While all insured Michigan residents will be impacted by this new legislation, it remains unclear how insurers will reflect the additional cost in their statements. At this time, we understand that Blue Cross Blue Shield of Michigan will include it as a line item on member bills, but other carriers may opt to build the tax into their rates.
The new tax applies to most health care claims, but not all. According to the statute, some of the exempt claims include:
- Services for Michigan residents received outside of the state
- Cost-sharing requirements (deductibles, copays and coinsurance)

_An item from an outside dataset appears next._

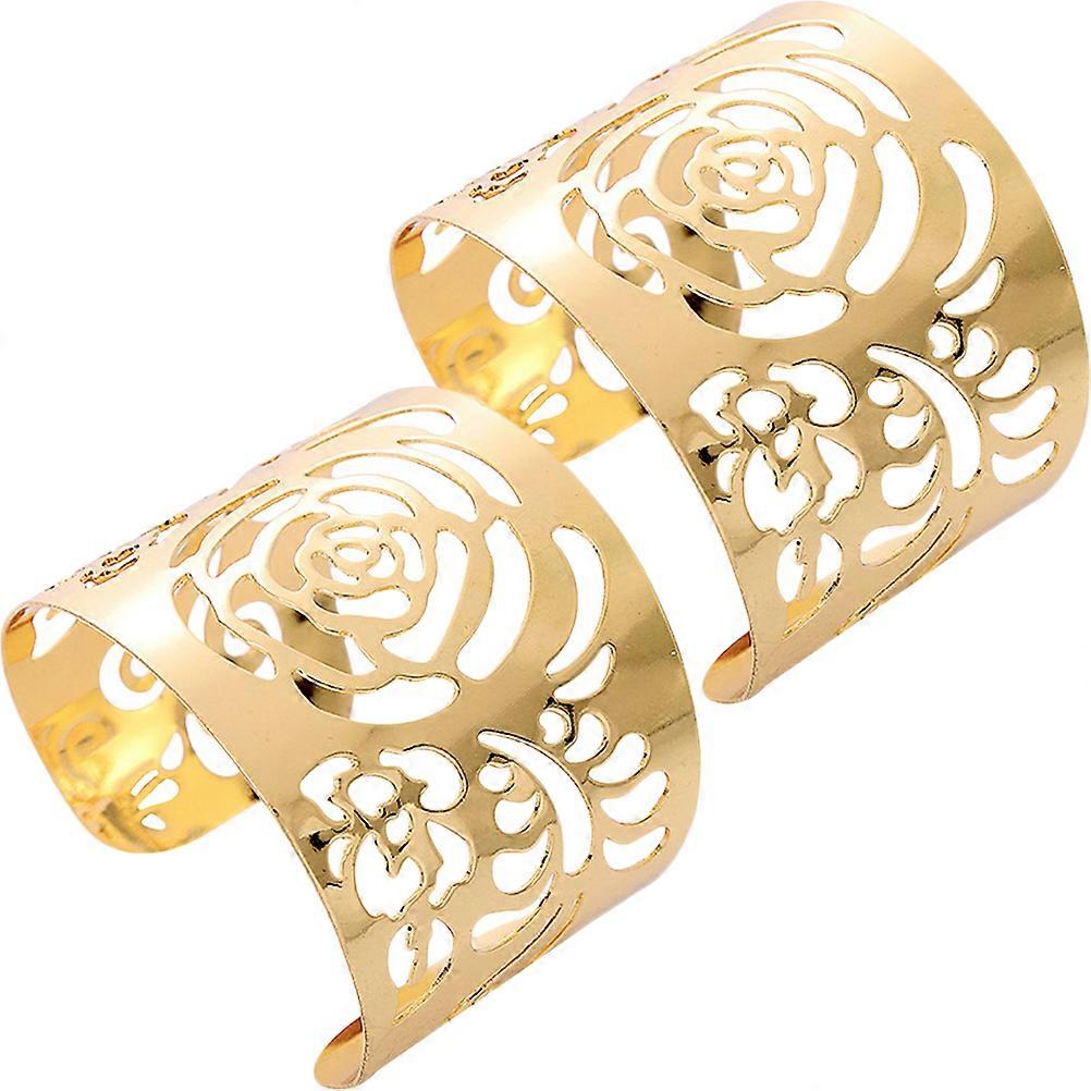 Cuff Bangles Adjustable Open Bracelet Arm Cuff Wrap Open Bangle Wrist Decor Women Jewelry Golden 6X5.6CM 2Pcs

- Reimbursements under a flexible spending arrangement, health savings account, Archer medical savings account, Medicare Advantage medical savings account or other health reimbursement arrangements authorized under federal law
- Claims paid under a federal employee health benefit program
- Medicare, Medicare Advantage, Medicare Part D claims
- TRICARE (military-CHAMPUS and the United States Veterans Administration claims)
- Workers’ compensation and long-term care claims
The tax is intended to generate $400 million in annual revenues for the state of Michigan. If the revenue collected exceeds that amount, insurers and third party administrators would receive a credit against their assessments due the next year. Barring any legislative intervention, the tax is set to expire January 1, 2014.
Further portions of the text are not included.